FuzzyDict

Fast Fuzzy String matching dictionary. Based on Simple and Efficient Algorithm for Approximate Dictionary Matching by Naoaki Okazaki and Jun’ichi Tsujii [1].

Usage

    val fuzzyHash = FuzzyMap(List( ("Barack Obama", "ID1"),
                                   ("Barack O", "ID2"),
                                   ("Barack", "ID3"),
                                    ("Washington", "ID4")))
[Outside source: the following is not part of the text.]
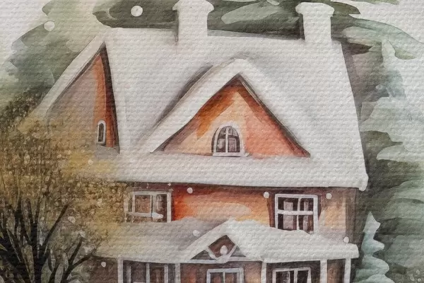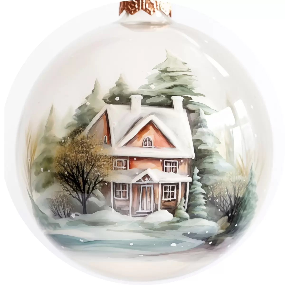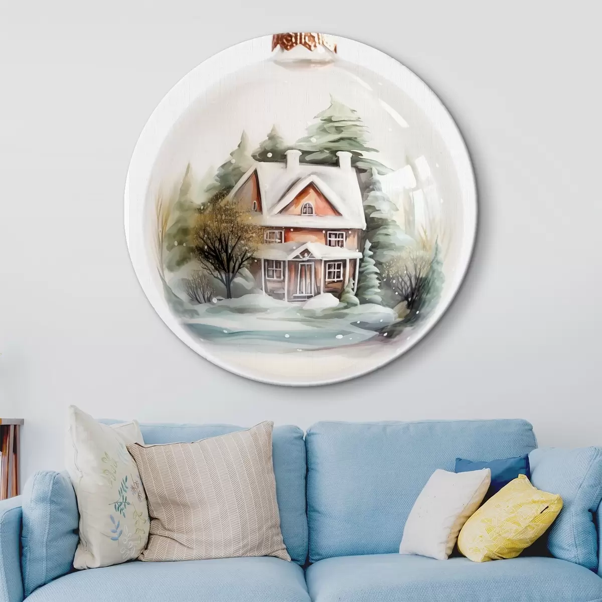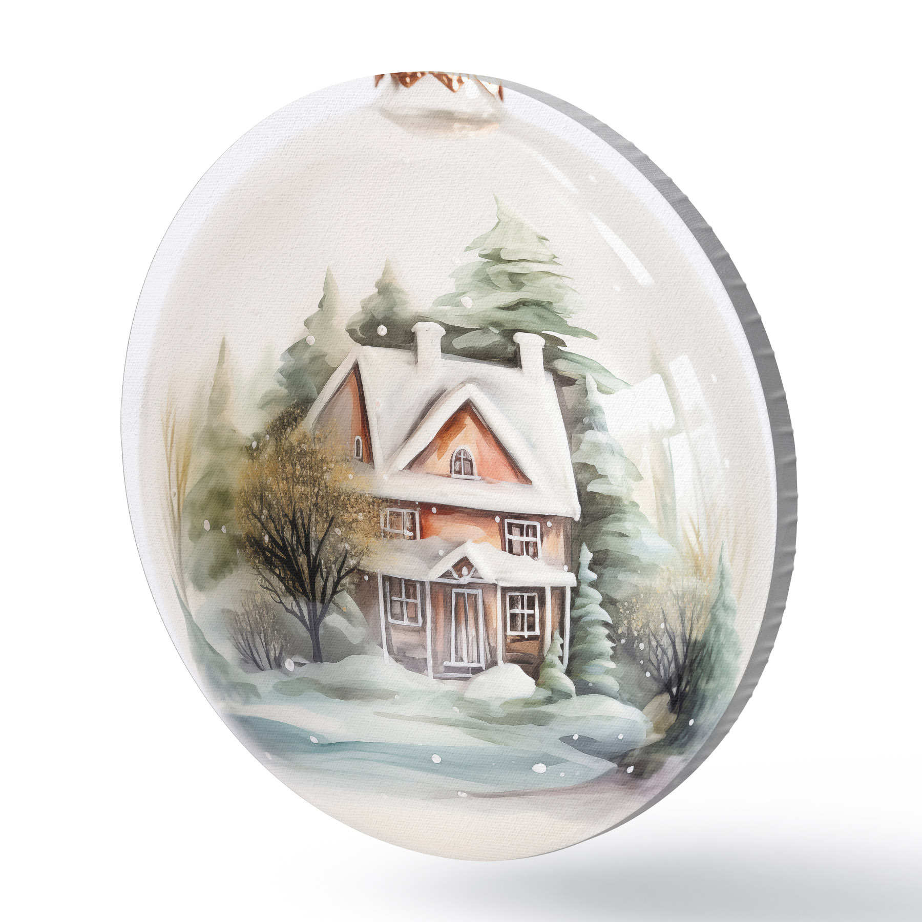 Runde Gemälde Kristallkugel mit Aquarellhaus und Bäumen im Schnee r41365

    fuzzyHash.get("Barack", 1.0, Cosine)
    // Some(List("ID3"))
    
    fuzzyHash.get("Barack", 0.5, Cosine)
    // Some(List("ID3", "ID2", "ID1"))

    fuzzyHash.getMatches("Barack", 0.5, Cosine)
    // Some(List(("Barack", "ID3"), ("Barack O", "ID2"), ("Barack Obama", "ID1")))
  • Fuzzy Matches:
    • Cosine
    • Dice (soon)
    • Jaccard (soon)

When to Use?

Finding fuzzy matches among the items in the hash is very fast. This is useful in scenarios when you have a massive number of Strings which you want to constantly query using Fuzzy Search.

[1] http://www.aclweb.org/anthology/C10-1096